▼

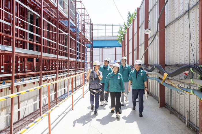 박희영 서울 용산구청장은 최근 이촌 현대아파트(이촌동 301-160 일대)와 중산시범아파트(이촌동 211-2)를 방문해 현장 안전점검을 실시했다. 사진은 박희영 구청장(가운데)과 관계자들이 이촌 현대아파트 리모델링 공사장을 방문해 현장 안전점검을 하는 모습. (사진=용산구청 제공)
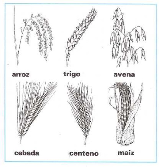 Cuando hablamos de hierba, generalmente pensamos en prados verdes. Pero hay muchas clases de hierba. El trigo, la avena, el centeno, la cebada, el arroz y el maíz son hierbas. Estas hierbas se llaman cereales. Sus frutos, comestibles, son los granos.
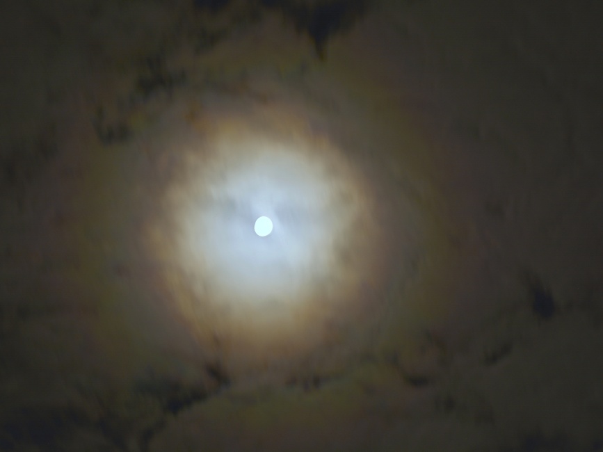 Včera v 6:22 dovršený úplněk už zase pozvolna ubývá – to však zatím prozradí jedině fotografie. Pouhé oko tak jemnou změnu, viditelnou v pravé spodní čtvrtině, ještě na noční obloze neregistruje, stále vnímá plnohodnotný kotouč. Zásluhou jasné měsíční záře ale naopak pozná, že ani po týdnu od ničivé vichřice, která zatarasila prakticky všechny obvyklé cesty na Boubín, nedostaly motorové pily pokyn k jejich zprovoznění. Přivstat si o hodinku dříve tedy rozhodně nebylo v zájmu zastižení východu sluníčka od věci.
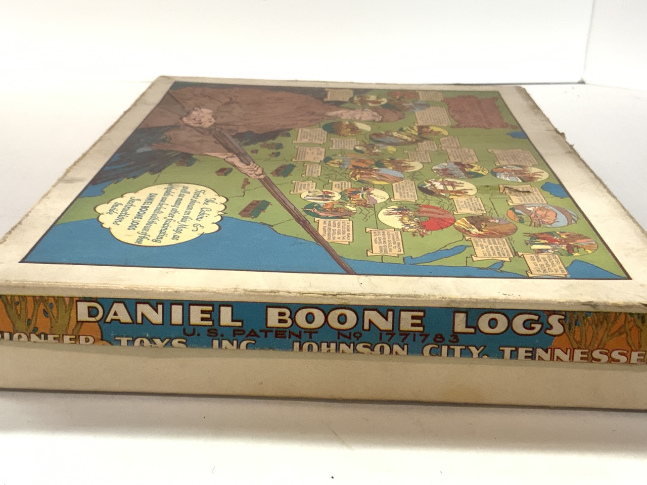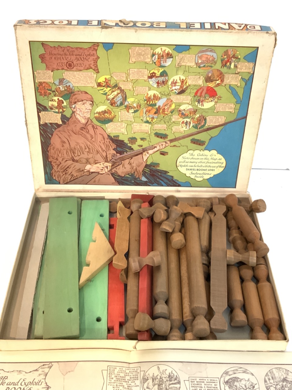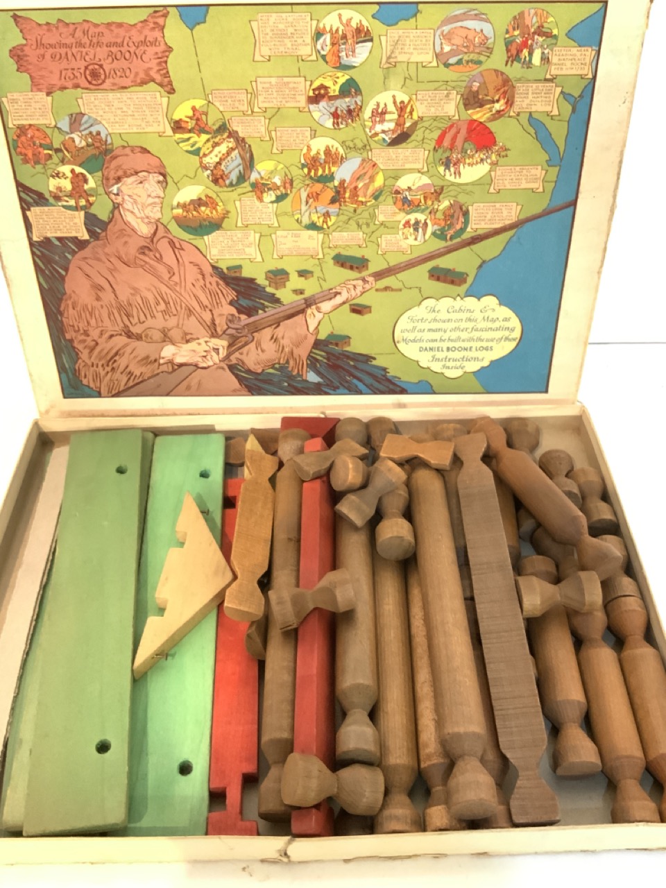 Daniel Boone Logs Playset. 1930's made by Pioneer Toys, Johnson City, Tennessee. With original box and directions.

▲

- _Exercise aim_
Please write out all of the material above without changing a word, and omit any pictures.

- _Your response_
 박희영 서울 용산구청장은 최근 이촌 현대아파트(이촌동 301-160 일대)와 중산시범아파트(이촌동 211-2)를 방문해 현장 안전점검을 실시했다. 사진은 박희영 구청장(가운데)과 관계자들이 이촌 현대아파트 리모델링 공사장을 방문해 현장 안전점검을 하는 모습. (사진=용산구청 제공)
 Cuando hablamos de hierba, generalmente pensamos en prados verdes. Pero hay muchas clases de hierba. El trigo, la avena, el centeno, la cebada, el arroz y el maíz son hierbas. Estas hierbas se llaman cereales. Sus frutos, comestibles, son los granos.
 Včera v 6:22 dovršený úplněk už zase pozvolna ubývá – to však zatím prozradí jedině fotografie. Pouhé oko tak jemnou změnu, viditelnou v pravé spodní čtvrtině, ještě na noční obloze neregistruje, stále vnímá plnohodnotný kotouč. Zásluhou jasné měsíční záře ale naopak pozná, že ani po týdnu od ničivé vichřice, která zatarasila prakticky všechny obvyklé cesty na Boubín, nedostaly motorové pily pokyn k jejich zprovoznění. Přivstat si o hodinku dříve tedy rozhodně nebylo v zájmu zastižení východu sluníčka od věci.
 Daniel Boone Logs Playset. 1930's made by Pioneer Toys, Johnson City, Tennessee. With original box and directions.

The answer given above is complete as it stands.